Hannah Vogel turns her coverage of Poland's Saint Martin's Day into a holiday by bringing her 13-year-old son Anton along. She travels under the name Adelheid Zinsli, sporting a shaky Swiss accent in order to fly under the Nazi radar. (The infamous Kristallnacht will make headlines in less than a fortnight.) Some extensive backstory fills the reader in on Hannah's previous German adventures, dangerous close calls and lost loves (A Game of Lies, 2011, etc.). Anton is actually her adopted son, his mother, a drug-addicted prostitute, killed in a previous installment. Talk at a rural farm soon turns to the escalation of Nazi Party offenses. A local soldier almost ferrets out Hannah's deception, a danger exacerbated when she spots her old friend Paul's wife, Miriam Keller, who's not exactly fond of her.
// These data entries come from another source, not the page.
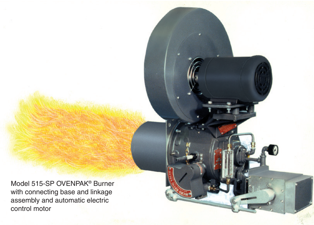
Model 515-SP OVENPAK® Burner with connecting base and linkage assembly and automatic electric control motor
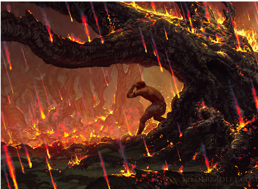
The anger of יהוה will burn against you.

Question: How will יהוה add to the punishment? Because I will add to him the punishment for what he committed unintentionally, which I would have overlooked, but now, he has caused Me to combine them with the intentional sins and punish him for everything.
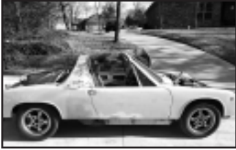
On the cover - Porsche 914
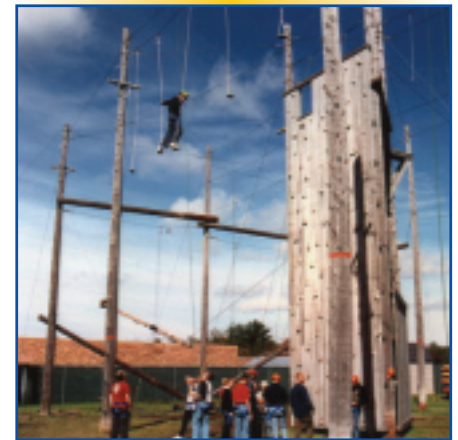
Stevens Point FFA Chapter, Wisconsin
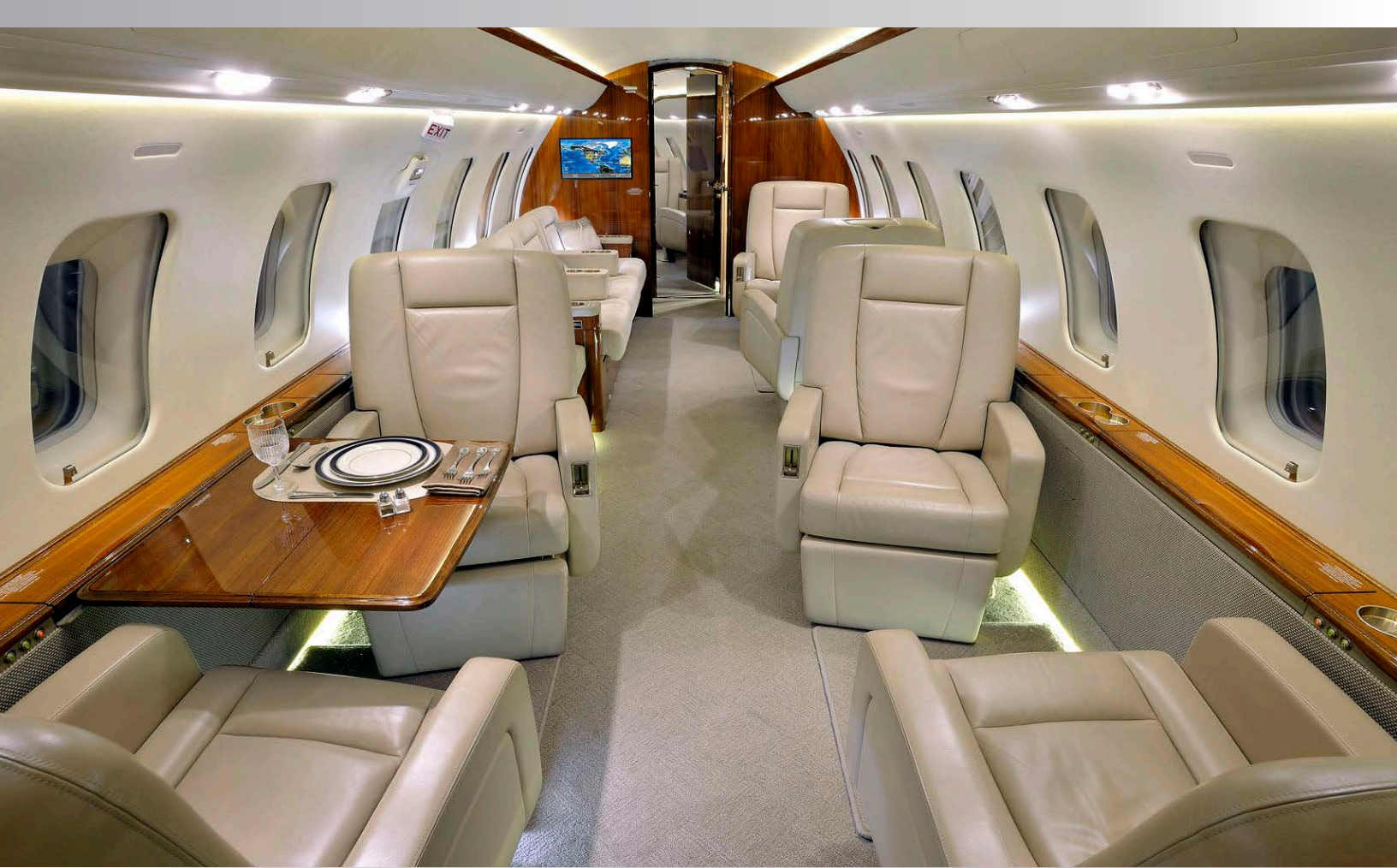
Foward cabin looking aft
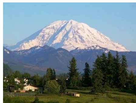
Mt. Rainier, near Olympia
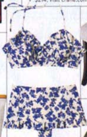
Nylon-blend swimsuit, ARAKS , $200, at La Petite Coquette, NYC
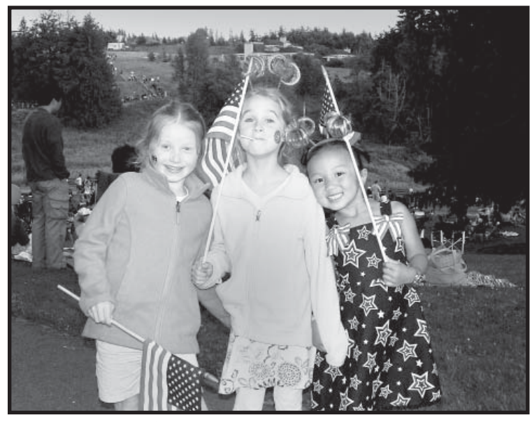
Fun and fireworks at the Fourth on the Plateau!

(Keep reading this city newsletter for times and dates)
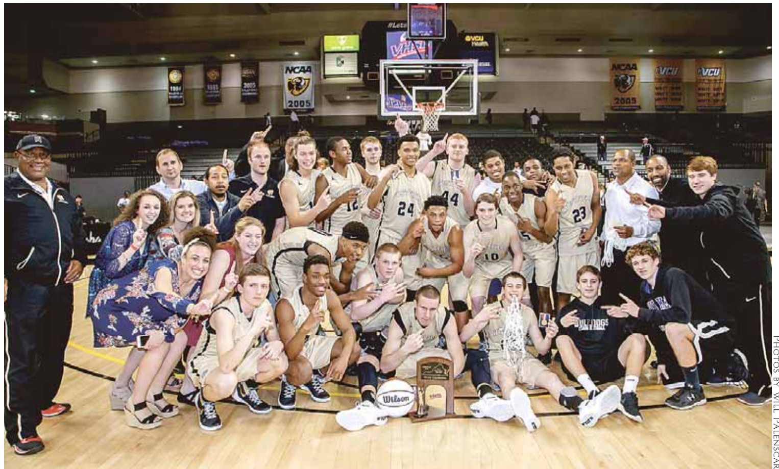
The Westfield boys' basketball team won the 2016 6A state championship.
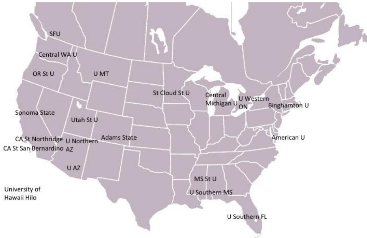
Figure 2. Universities in Canada and the United States that host HRM / CRM Master's programs with thesis requirements or options.
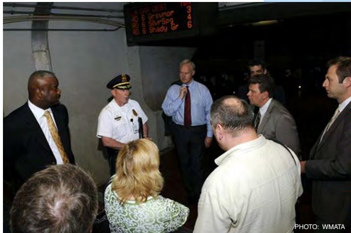
May 2010: A Russian delegation conducted site visits to the Washington Area Metro Transit Authority to watch a counterterrorism exercise, and the Transportation Security Administration Operations Center in Herndon, Virginia. Here, Russian transportation security authorities are briefed on the Rail Safe Operations Exercise at Washington, D.C.'s Union Station.

In May 2011, our two countries' Presidents reaffirmed a common assessment of the threat to global security posed by al-Qa'ida and made a commitment to close cooperation to disrupt, dismantle, and defeat this terror-
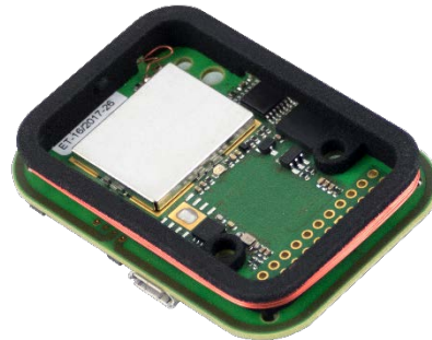
TWN4 MultiTech 3 BLE PCB bottom view

The new TWN4 MultiTech 3 BLE integrates RFID (125 kHz, 134.2 kHz and 13.56 MHz), NFC and Bluetooth Low Energy capabilities into a compact but powerful reader. Its reduced size combined with excellent read/write performance makes it the perfect reader for all applications where small size and full performance matters, e.g. print solutions, healthcare applications, driver identification, POS integration and much more. Furthermore, the TWN4 MultiTech 3 BLE provides access to most common host interfaces such as USB, serial (TTL) or I2C which are readily accessible through an on-board connector.

More close calls follow, some triggered by Fräulein Ivona, a suspicious anti-Semite. Another surprise is the reappearance of former lover Lars Lang, whom Hannah thought had been killed. His knowledge and authority prove invaluable when Hannah falls into the hands of SS agents, who take her from Poland to Germany. Lars, Hannah and the increasingly curious Anton must carefully choose the moment for their escape. In the meantime, however, Hannah gets emotionally ensnared when Paul's young daughter Ruth goes missing along with Miriam, and Hannah knows what she must do.
With more cliffhangers than a daytime drama, Hannah's fourth adventure strains credibility and becomes repetitive, but is redeemed by an elegantly breathless style and a convincing portrait of 1938 Germany.